12 or in the second energy storage 14 is returned, is of the Control unit met. For example, energy can always be supplied to the energy store 12, 14, which has currently stored less energy.

In another operating mode of the drive train 10, energy can be transferred from one energy store 12, 14 to the other energy store 14, 12.

If, for example, energy is to be transferred from the first energy store 12 into the second energy store 14, the second inverter 18 can be operated recuperatively with the second energy store 14 during a braking maneuver. At the same time, although a braking maneuver is currently being carried out, the first inverter 16, together with the first energy store 12, is operated in a driving manner, so that energy is supplied from the first energy store 12 to the electric motor 20.

However, this energy supplied to the electric motor 20 by the first energy store 12 is (in addition to the energy recovered during braking) immediately returned to the second energy store 14 by the electric motor 20, so that an energy transfer from the first energy store 12 to the second energy store 14 has effectively been achieved.

Advantageously, the four-phase electric machine and the two-phase inverters can be performed, so that the cost of the components of the powertrain can be reduced. In addition, the connection lines between the inverters 16, 18 and the electric machine 20 is thus also simplified. FIG. 4 shows yet another embodiment of the drive train 10, which substantially corresponds to the embodiment shown in FIG. In the following, therefore, only the differences will be discussed and identical and functionally identical parts are provided with the same reference numerals.

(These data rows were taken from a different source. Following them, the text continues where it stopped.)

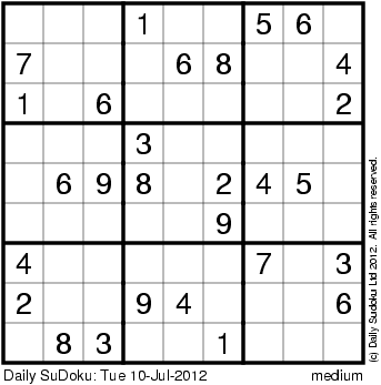 The Daily SuDoku: Tue 10-Jul-2012
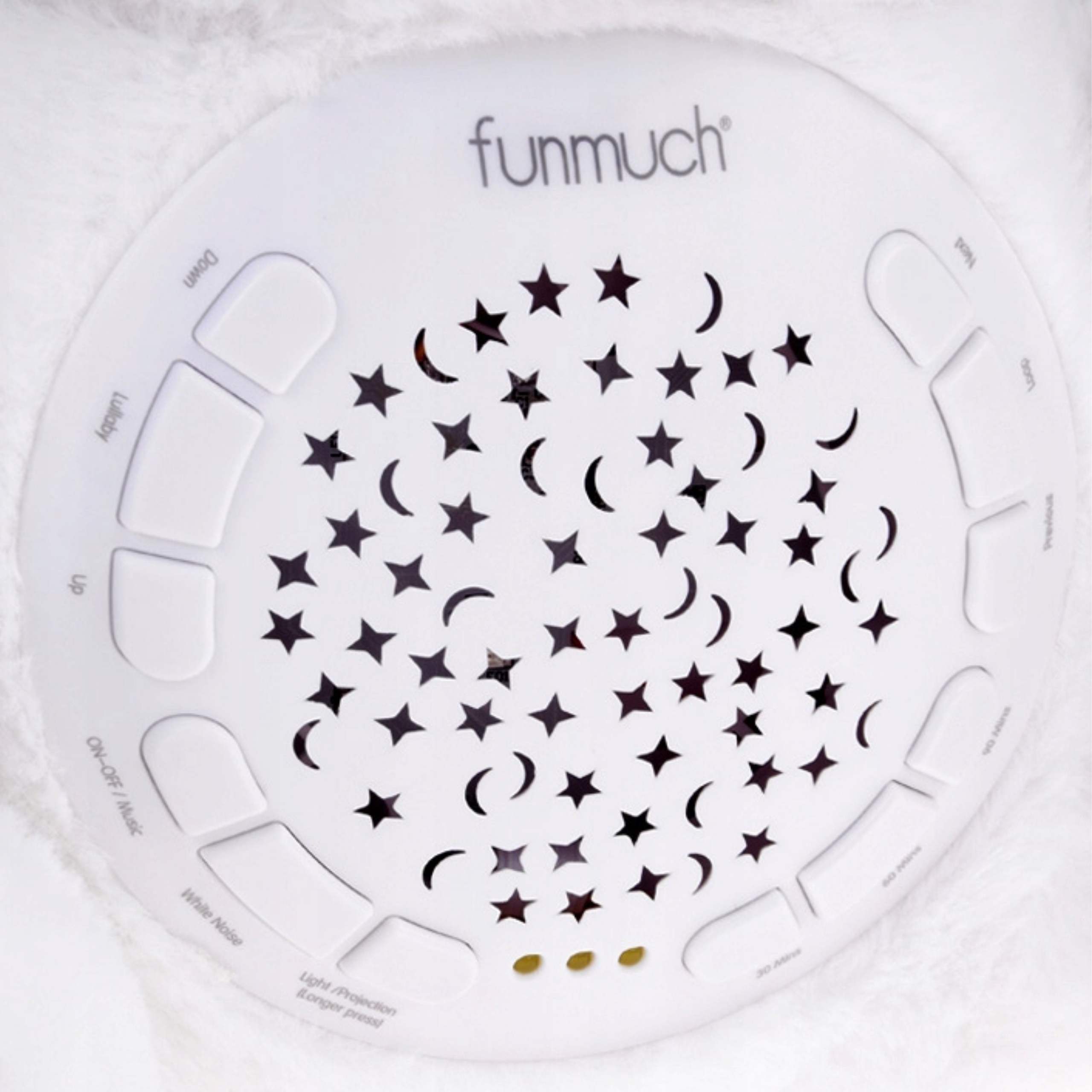 Funkcie: Projektor (7 efektov), 10 uspávaniek, 5 bielych šumov, Časovač (30/60/90 min), Funkcia Loop
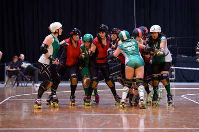 Un jam está activo, mientras se juega un referee (árbitro) advierte con un "No Pack". En ese momento, las bloqueadoras más atrasadas tienen que correr para reformar el pack.
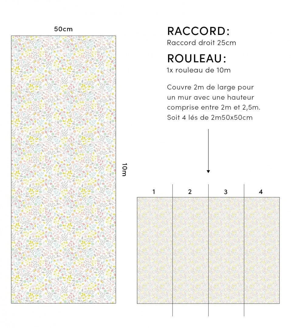 Le calcul du nombre de rouleaux varie en fonction du papier peint choisi et de son type raccord (droit ou sauté), c’est-à-dire lorsque les motifs se chevauchant d’un lé sur l’autre.
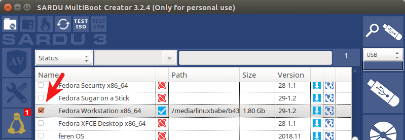 Then you can continue this process with another Linux distribution. After you select all your Linux distributions, insert your USB flash drive and click the USB icon on the upper-right corner to detect and select your USB flash drive.
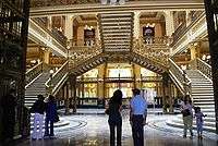 The Biblioteca Palafoxiana, considered by some historians the first public library in the Americas, was founded in 1646 by Bishop Juan de Palafox y Mendoza of Puebla, with a gift of 5,000 volumes[19] to the Colegio de San Juan (which he had also founded), on the condition that they be made available to the general public,[20] and not just to ecclesiastics and seminarians.
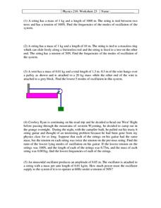 In this harmonic motion worksheet, students find the speed of a wave. Students determine the period, frequency, and equilibrium position of a pendulum. This worksheet has 13 problems to solve.
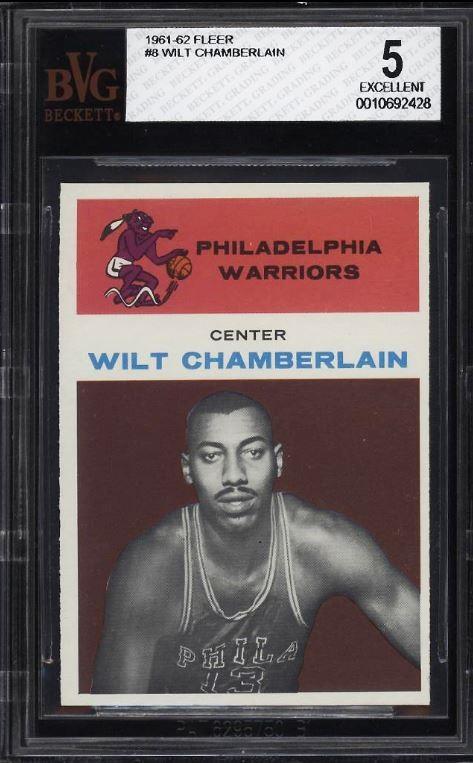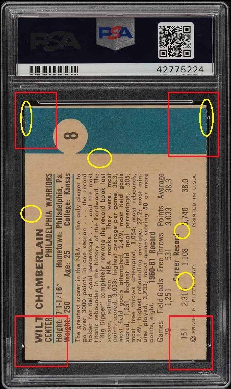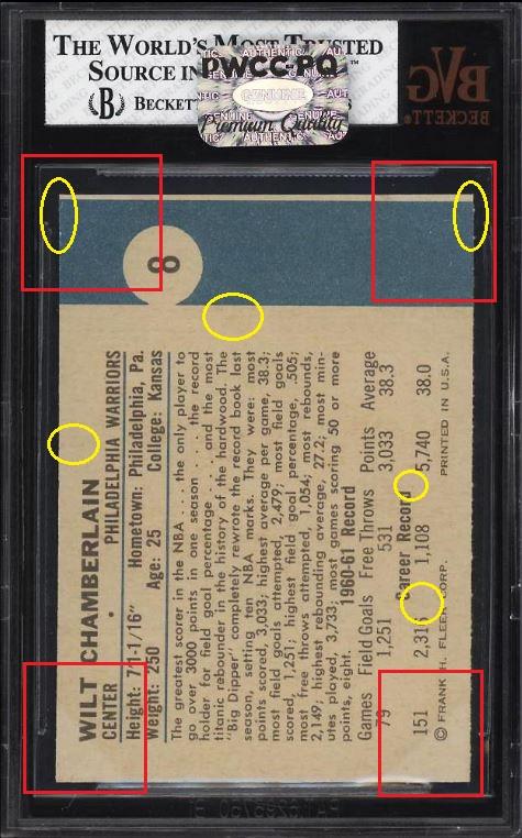 PSA Cert #42775224 1961 Fleer Wilt Chamberlain RC #8 Value gain of $3,156.31 This card was purchased by whitman111 (Gary Moser) from PWCC (Brent and Betsy Huigens) as a BVG-5 on December 10, 2018 for $1,594.69. PWCC Marketplace link: https://www.pwccmarketplace.com/items/1870252 Same card was sold by PWCC (Brent and Betsy Huigens) as a PSA-7 for $4,751.00 on March 20, 2019. PWCC Marketplace link: https://www.pwccmarketplace.com/items/1930426 Yellow circles are print or fiber identifiers. Red squares identify the discoloration due to the card being kept in an album with photo tabs. If you look at the BVG 5 image of the back, you can see the triangular shape of the tabs. In the listing description, Brent Huigens refers to the tabs having left "compression marks", which are not mentioned in the PSA 7 listing. From the BVG-5 listing description: "Harshly graded on account of some very faint impressions left by corner tabs (card was clearly stored in an album at one point)." From the PSA-7 listing description: "This card appears as if it was just plucked from a wax pack with uncirculated qualities throughout." - No mention of the tab marks that he clearly saw 3 months earlier... ![]() ![]() ![]()
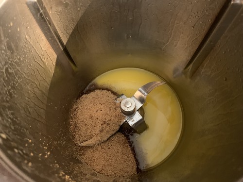 - Mettre le beurre coupé en petits morceaux dans le bol du Thermomix, puis faire fondre 3min/60°C/Vit1, ajouter le sucre et mélanger 1min/vit3.
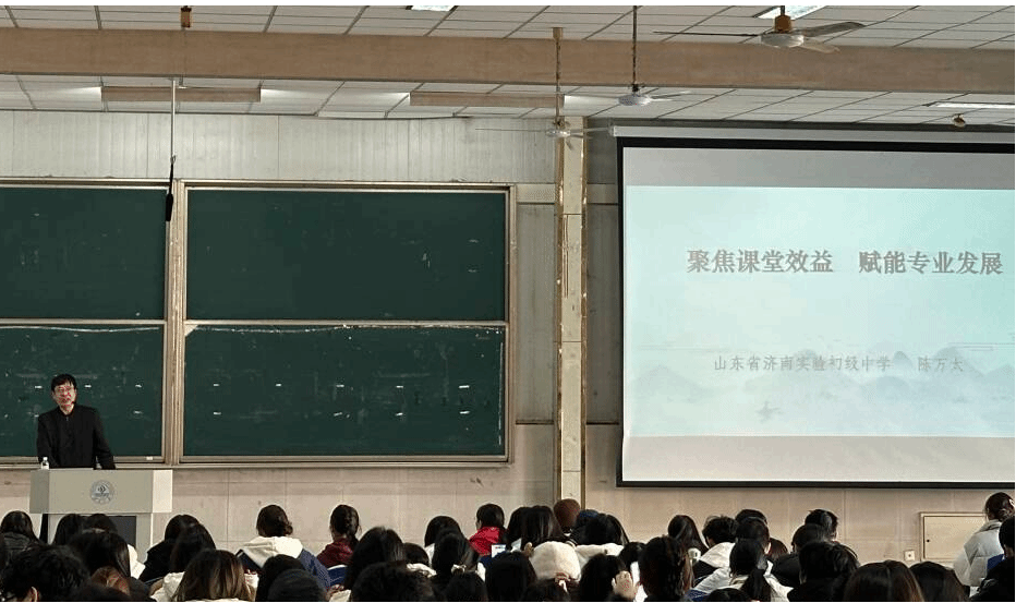 12月3日下午,VSport体育特邀济南实验初级中学特级教师陈万太莅临星硕教室,开展以“聚焦课堂效益 赋能专业发展”为主题的教育见习专题讲座。讲座中,陈万太老师结合自身公司产品与成长经历,为2023级汉语言文学专业全体师生带来了干货满满的分享。他强调,课堂是教师的核心阵地与安身立命之本,教师可通过对语文课文进行文本类型细分,精准聚焦课堂核心效益,让教学更具深度与含金量,既为自身专业发展注入强劲动力,也能为员工的长远成长筑牢根基。
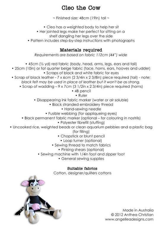Cleo the Cow Softie PDF Sewing Pattern
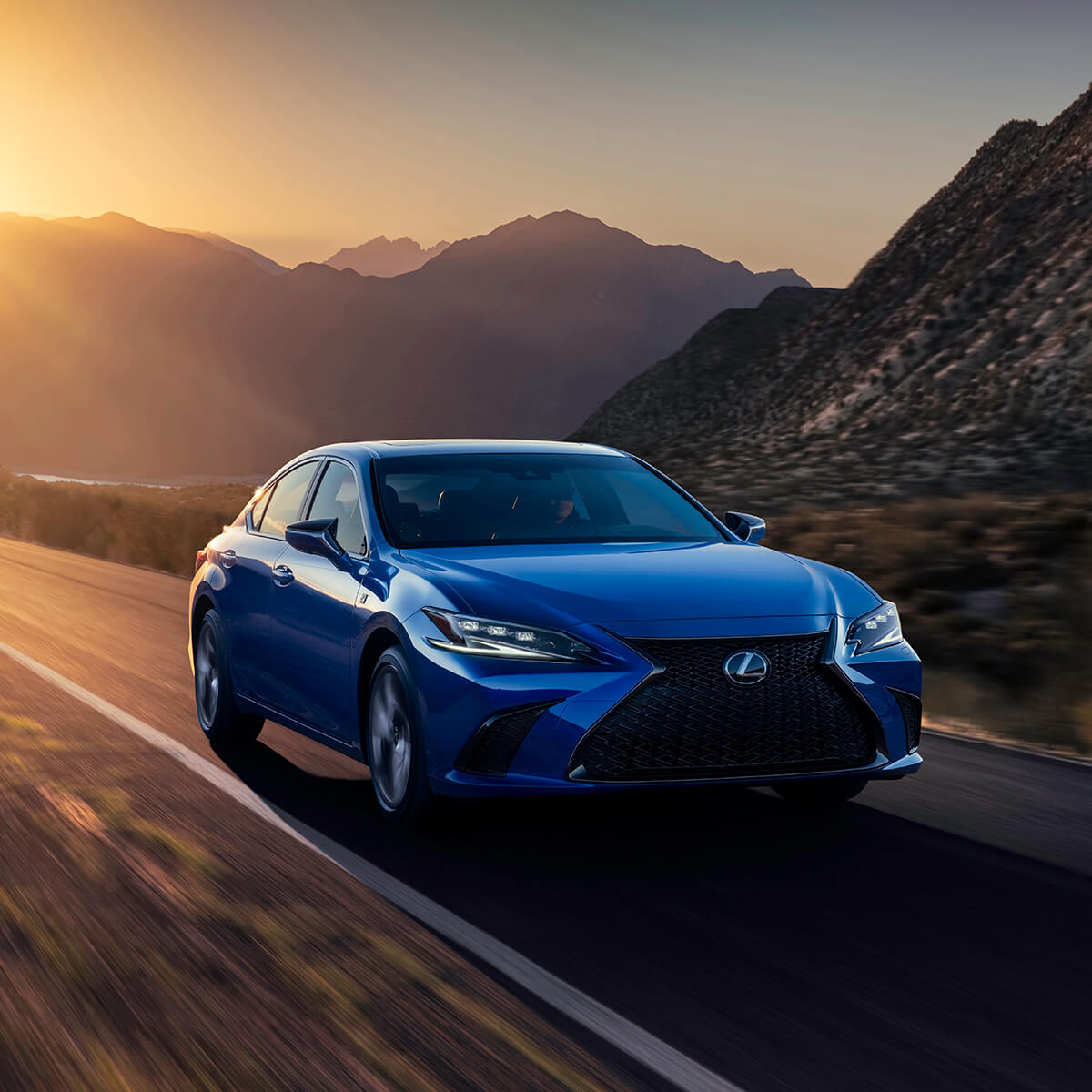 Blue Lexus ES is being driven on the road with a mountainous backdrop.

In contrast to the powertrain of the first embodiment, the powertrain 10 of the second embodiment has a DC-DC converter 28. The DC-DC converter 28 is connected on the one hand via the connecting lines 24 to the first energy storage 12 and on the other hand by means of the connecting lines 26 to the second energy storage 14.

The DC-DC converter thus provides, in addition to the electrical connection via the electric motor 20, an additional connection between the first energy store 12 and the second energy store 14. Via the DC-DC converter 28 can also energy from the first

Energy storage 12 are transferred to the second energy storage 14 or vice versa.

Claims

claims

A powertrain for an electrically powered vehicle, comprising an electric motor (20), a first energy store (12) and a second energy store (14), each electrically connected to the electric motor (20), a first inverter (16) and one second inverter (18), wherein the first inverter (16) between the first energy storage (12) and the electric motor (20) is provided and wherein the second inverter (18) between the second energy storage (14) and the electric motor (20) is, wherein the electric motor (20) has four phases (22).

2. The powertrain according to claim 1, wherein at least one of the phases (22) is connected only to the first inverter (16) and another of the phases (22) is connected only to the second inverter (18).

3. Drive train according to claim 2, characterized in that the first inverter (16) and the second inverter (18) are connected exclusively to the phases (22) of the electric motor (20).

4. Drive train according to claim 3, characterized in that the first inverter (16) and the second inverter (18) are two-phase inverters.

5. Drive train according to one of the preceding claims, characterized in that the first energy store (12) and the second energy store (14) via a DC-DC converter (28) are electrically connected to each other.

6. Drive train according to one of the preceding claims, characterized in that the energy store (12, 14) batteries, accumulators

Capacitors and / or fuel cells are.

7. vehicle, in particular electric vehicle or hybrid vehicle, with a drive train according to one of claims 1-6.

8. A method of operating a powertrain (10) according to any one of claims 1-6, comprising at least one of the following steps: Supplying energy to the electric motor (20) from one or both energy stores (12, 14) simultaneously,

Recycling energy from the electric motor (20) into one or both energy stores (12, 14) simultaneously, or

Supplying energy to the electric motor (20) from one of the energy stores (12, 14) and simultaneously returning energy from the electric motor (20) to the other of the energy stores (14, 12).